Companies that make critical machinery could also benefit. Howmet Aerospace, a leading maker of jet engine parts, also makes airfoils, rings and other parts for the gas turbines used to power data centers.

Implementation of AI

Commercial and Professional Services

Risk Assessment and Analysis

Artificial intelligence can harness colossal amounts of data to provide faster, more complete analysis tools. Verisk Analytics serves the insurance industry and has developed AI-powered solutions to assist with underwriting decisions, research and forms management.

Security Services

Axon, known for Taser and other security technologies, has introduced several AI-powered solutions. These include real-time language translation for law enforcement officers and a chatbot where officers can access department policies.

Axon also offers Draft One, a tool that analyzes the audio from officers’ bodycam footage to help draft incident reports. The company says Draft One can cut time spent on report writing by about half or more.

Health Care

Scanning and Diagnosis

Several companies have developed tools that pair AI with medical scanning technology. G.E. HealthCare alone has won 100 medical device authorizations from the U.S. Food and Drug Administration for its AI-enabled tech. These tools highlight abnormalities that physicians and other medical personnel might miss, while also speeding up reviews. According to one recent study, AI-powered mammograms could help prevent about 30% of breast cancers.

At the same time, this remains a nascent technology. One study found that using AI doesn’t always improve radiologists’ performance.

Drug Development and Testing

Mid-cap companies are employing AI in drug discovery and testing. AI could potentially unlock up to $110 billion in economic value annually for the pharma and medical product industries. IQVIA, for example, has developed agentic AI tools that aim to streamline clinical trials, which often take months just to set up. These solutions can monitor all parts of the process to identify problems quickly, recommend solutions and ensure regulatory compliance.

As a result, new drugs could reach the market more quickly and at a lower cost.

Consumer Discretionary

Entertainment and Education

Other companies use AI to scale content creation, improve advertising performance and increase audience engagement. Earlier this year, learning app Duolingo debuted nearly 150 language programs developed with AI. Duolingo’s premium service also features an AI-powered “live chat” where users speak with an animated character to practice a new language.

Roku, the streaming platform and device manufacturer, uses AI to personalize content recommendations and increase viewership. The company is also working on AI for its advertising offering. One recently added tool helps advertisers better measure the return on investment from their campaigns.

What Are the Potential Risks of Implementing AI?

Companies have invested billions in AI, but if it doesn’t generate the desired results, this spending could dry up. It’s important to remember that, despite its recent progress, AI is relatively new and has shortcomings that need to be fixed. Problems with hallucinations (i.e., incorrect or misleading results) could slow adoption.

Many businesses are also struggling to incorporate AI into their operations and haven’t yet seen benefits to their bottom lines. One recent report suggests that 95% of organizations haven’t received any return from AI. The regulatory environment and public perception of AI are changing and could worsen. For example, AI-controlled pricing for airline tickets and other products might lead to consumer backlash and government scrutiny.

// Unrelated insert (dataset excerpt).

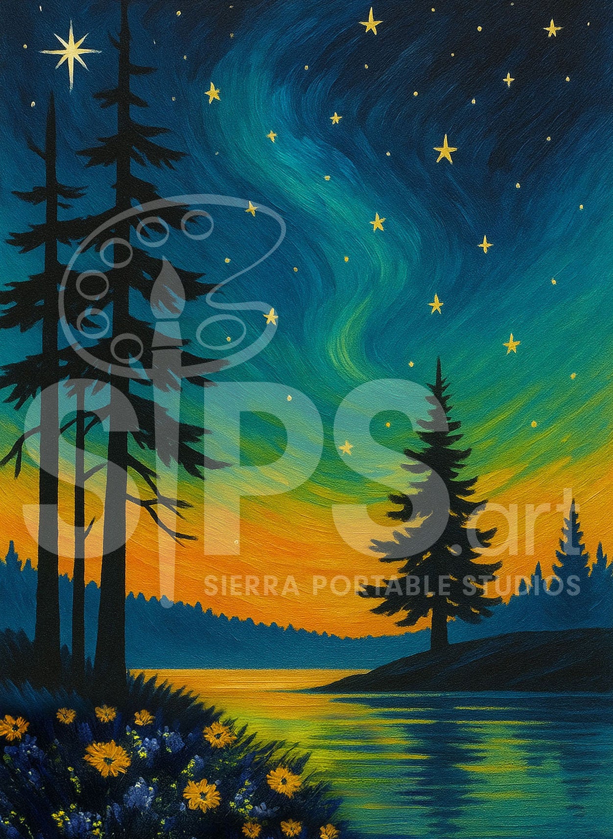 Perfect for beginners and seasoned painters alike, this painting is all about blending bold colors and capturing the beauty of nature in motion. From swirling skies to shimmering reflections, we’ll show you how to bring this dreamy night scene to life.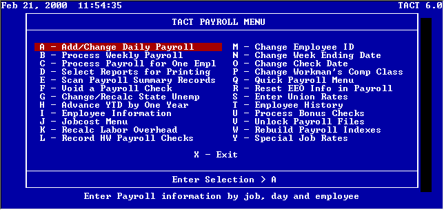 Payroll is designed for either daily or weekly data entry, by employee or by job - whichever way works best for you. And all of the unusual circumstances that can arise when doing payroll are handled for you - lay-off checks, bonus checks, handwritten checks, unemployment and worker's compensation changes, errors in data entry, anything you can think of, TACT has a way of handling it with ease.

Finally, don’t underestimate the risk that supply chain delays and higher tariffs could increase the costs of materials and components used in new data centers. This could become another obstacle for AI.

The Argument for Mid-Caps in Artificial Intelligence

We still believe AI will remain a steady trend in the coming years, even if challenges arise.

In the near term, however, we believe it’s possible to gain exposure to AI-related growth through mid-caps. Whether companies are building data centers or creating AI-powered products, we think mid-caps may offer attractive opportunities for investors.